PROBLEM REQUIREMENTS: From the line holding "En la temporada" to the final line below, restate each line word for word and add nothing.

*** Opening DATA BELOW ***

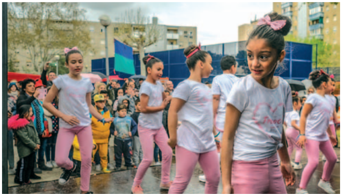
Las Chay's van oferir les seves coreografies, tot i la pluja
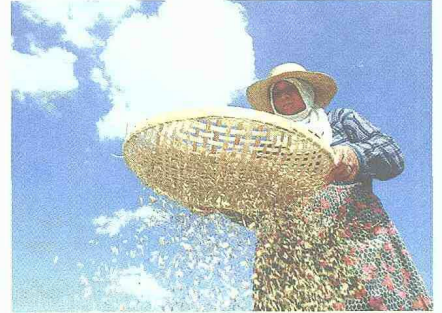
En la temporada 2010-2011, la producción de trigo bajaría a 656,37 millones de toneladas.

Mientras tanto, la cosecha global de maíz para el período 2010-11 crecería a 804,20 millones de toneladas, desde 784,05 millones.

*** Closing DATA BELOW ***

EXERCISE RESULT:
En la temporada 2010-2011, la producción de trigo bajaría a 656,37 millones de toneladas.

Mientras tanto, la cosecha global de maíz para el período 2010-11 crecería a 804,20 millones de toneladas, desde 784,05 millones.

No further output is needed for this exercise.